If a 1 unit length circle with red center point is made of green and blue points,

there are 2 points with same color on the circle that is 1 unit away.

This is not true.

If you pick a point on the green-blue circle..there is a chance that there are 2 or 1 that is 1 length away from it or 25% that there is none..with that probability..applying to all the points in the circle, you get almost 100% for the whole circle to have at least one. Suppose at first there is no same color,then next,then next...so on, until you are back to the first point - the probability approaches zero. Therefore the statement above is not 100% True but not False..Unless statistics is out of the question it proves it

Pick a random real number from interval [0,100]. What is the probability that picked number is not 7? Clearly 100%. Does it follow, that picking 7 is impossible or that number 7 does not exists? Clearly not.
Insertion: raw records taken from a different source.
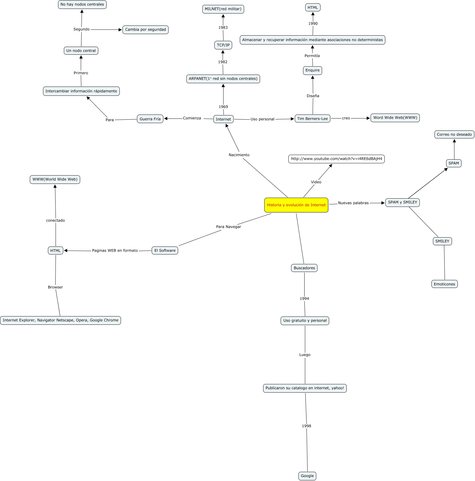 Este Cmap, tiene información relacionada con: Iniaki Historia Internet, Historia y evolución de Internet Nuevas palabras SPAM y SMILEY, Uso gratuito y personal Luego Publicaron su catalogo en internet, yahoo!, Tim Berners-Lee creo Word Wide Web(WWW), Almacenar y recuperar información mediante asociaciones no deterministas 1990 HTML, Internet Uso personal Tim Berners-Lee, Enquire Permitía Almacenar y recuperar información mediante asociaciones no deterministas, Internet 1969 ARPANET(1° red sin nodos centrales), Historia y evolución de Internet Video http://www.youtube.com/watch?v=i4RE6dBAjH4, El Software Paginas WEB en formato HTML, ARPANET(1° red sin nodos centrales) 1982 TCP/IP, Tim Berners-Lee Diseña Enquire, SPAM ???? Correo no deseado, Historia y evolución de Internet Para Navegar El Software, Publicaron su catalogo en internet, yahoo! 1998 Google, HTML Browser Internet Explorer, Navigator Netscape, Opera, Google Chrome, Buscadores 1994 Uso gratuito y personal, SMILEY ???? Emoticones, HTML conectado WWW(World Wide Web), Un nodo central Segundo No hay nodos centrales, Historia y evolución de Internet Buscadores
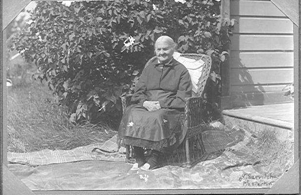 Mrs Jane Harrison aged 91 years, of Martinborough, Wairarapa. Mrs Harrison was the mother of Mrs John Cameron of Shannon and Levin. In this photograph Mrs Harrison sits in a wicker chair which has been placed on rugs outside a house, and in front of a large bush.
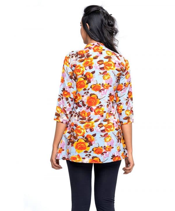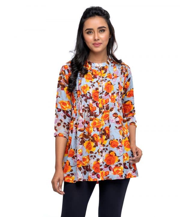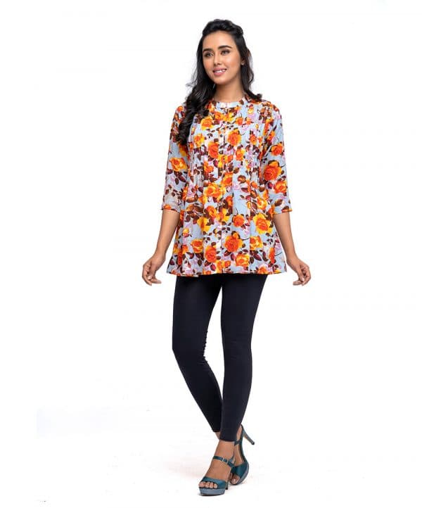 Multi-color printed shirt Tunic in Georgette Fabric with mock neck, quarter sleeves & pin tuck.

Divide unit circle into 6 equal arcs. Paint those arc blue and green alternately (so that six end points of the arcs are painted alternately too).

You have an "impossible" blue-green circle.

In fact you can take just one arc (1/6 of circle) and paint it any way you want. Then for each point P of the arc take a regular hexagon H inscribed in the unit circle such that P is a vertex of H, and paint the other 5 vertices of H alternately (regarding color of P). Again you have an impossible blue-green circle.

"Divide unit circle into 6 equal arcs. Paint those arc blue and green alternately (so that six end points of the arcs are painted alternately too)."

Then "all red centered circles" are painted that way. Making 0 deg-green, 60 deg-blue. But the points are alternated so 30 deg is green (even).

Therefore all ends of 60 deg arcs is two colored while all ends of 30 deg arcs is one colored.

If two red centered circles , where one has twice the radius of the other intersects at P2 and P1 ...

P2

r1 60deg 30 deg r2

P1

are P1 and P2 same colored or not ? or 1 is colored cyan?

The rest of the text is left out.